The governing body for high school sports in Illinois — which has come under scrutiny over the salaries and pensions it pays its staff and over whether it’s sharing enough of its income with schools — reported a 24 percent increase in the salary and benefits of its top executive, who plans to retire early next year, newly obtained records show.
The Illinois High School Association said executive director Marty Hickman’s compensation during the 2013-2014 school year totaled $372,293 — up $73,007 from the year before, according to the private, not-for-profit group’s latest filing with the Internal Revenue Service. That included $155,375 in what the IRS labels “deferred compensation” for Hickman, in addition to a base salary of $202,676.
Hickman’s base salary put him in line with an elite group of 150 Illinois school administrators whose base pay also exceeded $200,000, state records show. It’s also comparable to Illinois state education Supt. Tony Smith’s base salary of $225,000.
But unlike Smith and those other top-paid educators, Hickman’s contract and other terms of his employment are held in secret, except for minimal details the IHSA is required to report on its highest-paid employees in the yearly report that not-for-profit groups have to file with the IRS.
Also secret are the sponsorship, TV and other deals made by the IHSA, which has faced questions from Illinois lawmakers about whether schools should get a bigger share of the nearly $11 million the organization collects each year.
The IHSA could make all of that public. But it doesn’t, saying it doesn’t have to comply with the state’s Freedom of Information Act because it’s a private organization — even though more than 80 percent of its 800 members are taxpayer-funded public schools; its 10-member board includes public school principals; and it governs eligibility and other key issues affecting student-athletes.

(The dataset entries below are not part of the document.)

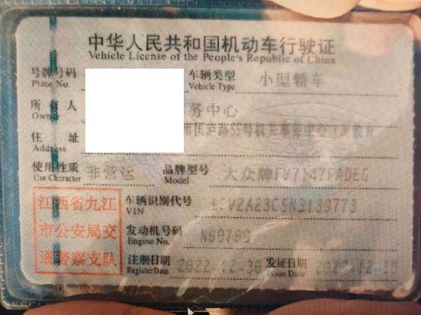 车牌号 赣****** 品牌 大众
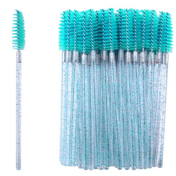 Щеточки для расчесывания ресниц мятные с блестками, 50 шт. в упаковке
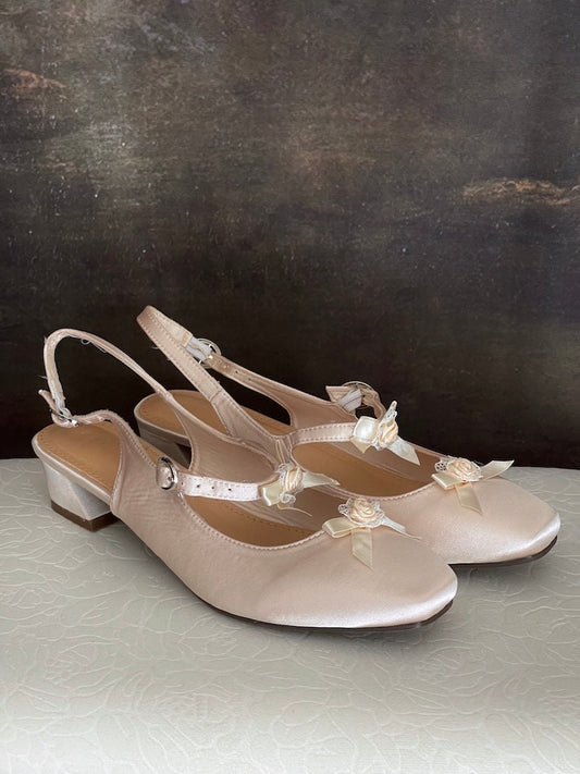 Regency & Rococo Inspired Satin Slipper Heels with Rosette Appliques in Champagne
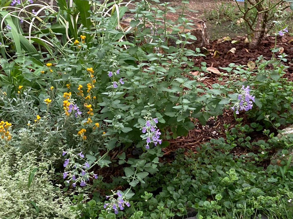 ごちゃごちゃ花壇の奥はオルレア、ギリア、セリンセなどが終わって抜いたまま。
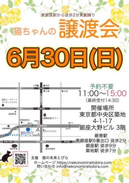 | イベント内容 | 東銀座で保護猫の譲渡会を開催しています「猫の未来とびら」です♪ 恵まれない環境にいる猫たちが未来へのとびらを開いて幸せなご縁に繋がる橋渡しをしていきます。 たくさんの猫ちゃんと保護主・スタッフ一同みなさまのご来場を心よりお待ちしています! 子猫ちゃん〜成猫ちゃんまで参加します♪ 【ご来場いただく皆様には下記についてお願い致します】 ★不織布マスクを着用するしないは自己判断でお願い致します。 ★譲渡会場にお入り頂く前に手洗いと手の消毒をお願い致します。 ★熱のある方や体調の優れない方は譲渡会への来場を見合わせて頂けますよう、お願い致します。 ★来場者数によりましては人数制限もありますので長時間お待たせてする場合もございます。 予めご了承下さい。 ★☆★★☆★★☆★★☆★★☆★★☆★★☆★★☆★★☆★ ★開催日時 2024年6月30日(日) 11:00~15:00(最終受付 14:30) ★会場 東京都中央区築地4-1-17 銀座大野ビル 3階 (東劇となり) ★最寄駅 東銀座駅 6番出口 徒歩2分 銀座駅 徒歩9分 ・築地駅 徒歩7分 駐車場は当ビル又は近隣のコインパーキング等をご利用ください。 会場への直接のお問い合わせはご遠慮くださいませ。 ★☆★★☆★★☆★★☆★★☆★★☆★★☆★★☆★★☆★ 会場で猫ちゃんと触れ合ってご縁を繋いでください。 里親様・猫ちゃんが双方、幸せな家族になれるよう保護主・スタッフがサポート致します。 ご不安な事はお気軽にご相談ください。 入場無料です。事前のご予約は不要です。 当日猫ちゃんの引き渡しはございません。 後日、保護主が里親様宅へお届けいたします。 ※参加予定猫ちゃんは、急な体調不良等で不参加になる場合もございます。 開催当日の朝、当会ブログにて不参加の最新情報を掲載致しますのでご確認をお願い申し上げます。 ◇譲渡に関してのお願い・基本条件 1.家族の一員として終生最期まで愛育下さい。 2.完全室内飼い・ペット可のお住まい(契約書を拝見致します) 3.脱走防止対策 4.避妊・去勢手術 5.里親様のご自宅へのお届け 6.譲渡誓約書への署名捺印・身分証明書の提示 7.医療費譲渡金のご負担 8.定期報告 9.トライアル期間有り ※保護主により譲渡条件は異なりますので会場で直接ご相談ください。 60才以上の方のみのご家庭、未成年の方、単身の方、同棲中の方、 小学生低学年以下のお子様のいる方、必要な脱走対策を施していただけない方は譲渡をご遠慮頂く場合もございますのでご了承ください。 仔猫の場合は主にお世話される方のご年齢は55歳までとさせて頂きます。 オーバーする方はご相談くださいませ。 小さな子猫の譲渡は体重が1kgになってからのお届けやお留守番の無い(少ない)ご家庭を希望いたします。 医療費譲渡金に関しましては詳しくはホームページの 【譲渡に関してのお願い】【譲渡の流れ】をご覧くださいませ。 ~主催 猫の未来とびら~ |
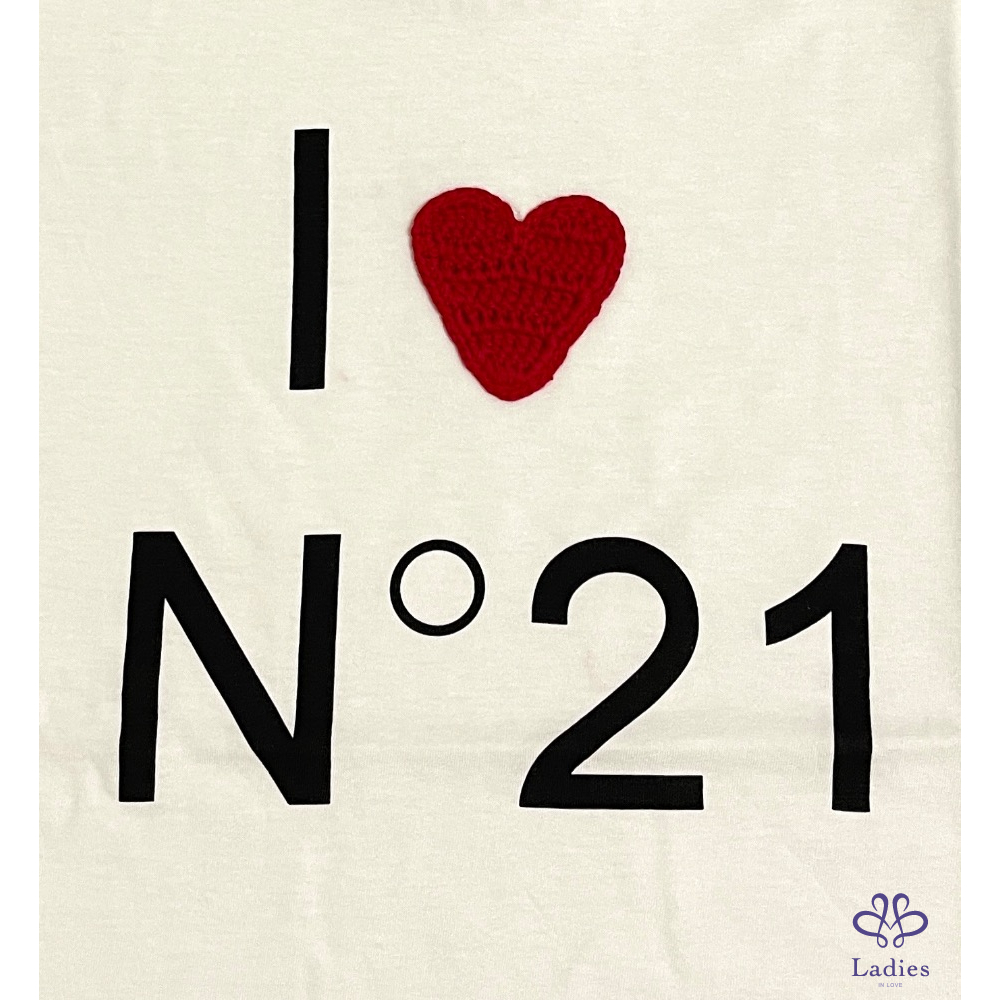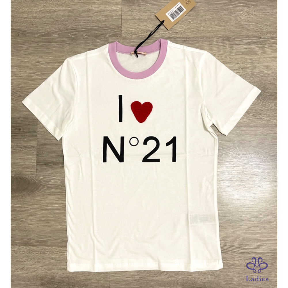 全新Nº21可愛粉色領子刺繡紅色愛心 T 恤
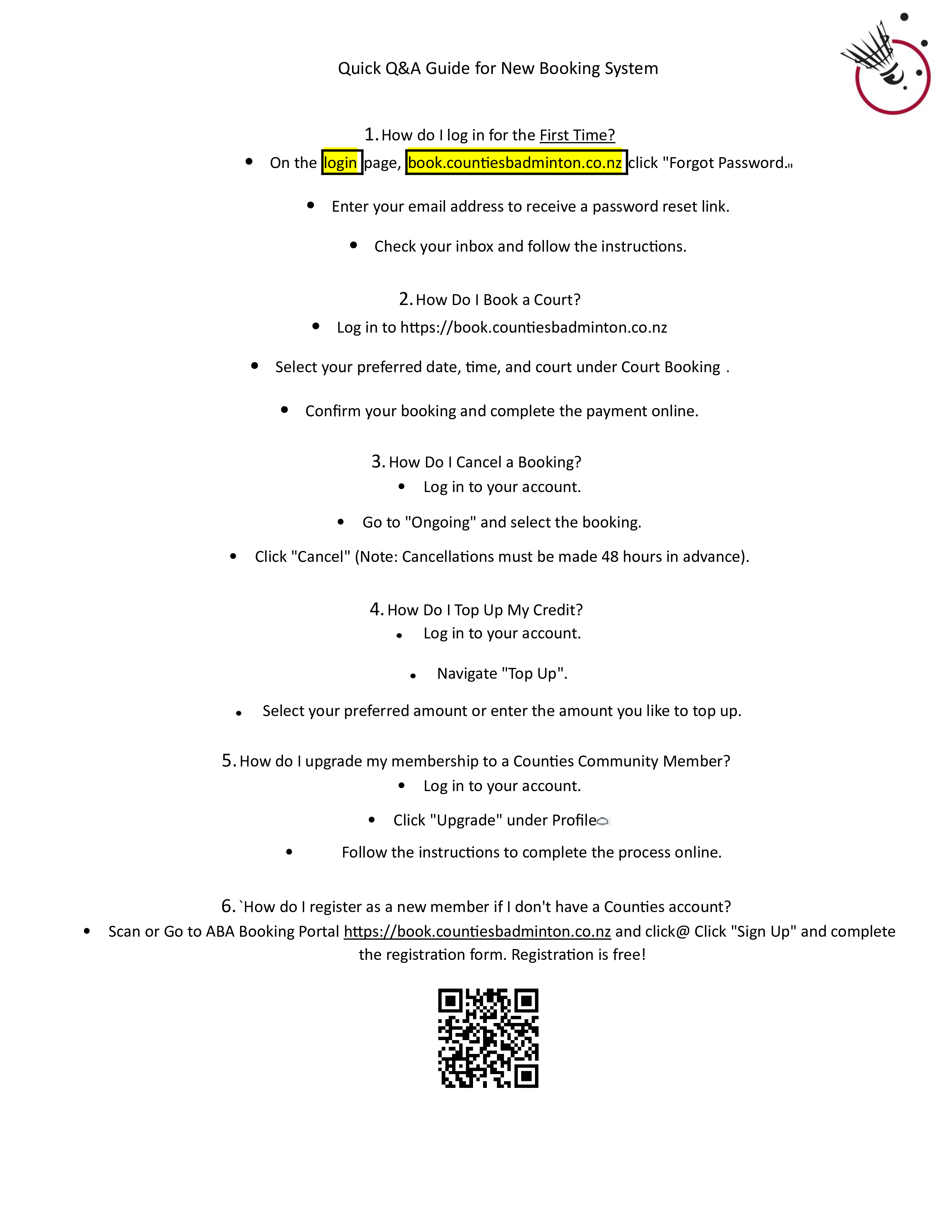 Please note any court bookings cancelled within 48 hours of booking will not receive any refund

A Cook County judge recently upheld the association’s position. That leaves only the group’s yearly IRS filing and an accompanying audit — both of which must be provided to the Illinois attorney general’s office — along with its publicly distributed annual report to provide insight into how the organization is run.
Based on those records, the Chicago Sun-Times reported last year that the IHSA spent $3.1 million on salaries and benefits in 2012-13 — up 21 percent from 2011-12 — even as profits from its marquee event, the state boys’ basketball tournament held in Peoria, had fallen.
Now, the newly obtained records for the 2013-14 school year show:
• IHSA spending on salaries, health insurance and retirement-related costs decreased 20 percent between 2012-13 and 2013-14 — a decrease that was the result of it cutting its “pension plan accruals and contributions” in half. Still, the association reported spending $2.5 million on 23 employees, seven who were paid more than $110,000 each in salary and benefits.
• Hickman’s base pay decreased 1 percent from the 2012-13 school year to last school year. But his deferred compensation doubled, meaning his total compensation increased 24 percent — from $299,286 to $372,293. The association’s accountants noted that his $155,375 in deferred compensation is an “accrued service cost” that “does not represent cash wages received by the participant.” Last year, Hickman described the deferred-compensation figure as “the present value of the pension benefit payable over my lifetime earned during that year.”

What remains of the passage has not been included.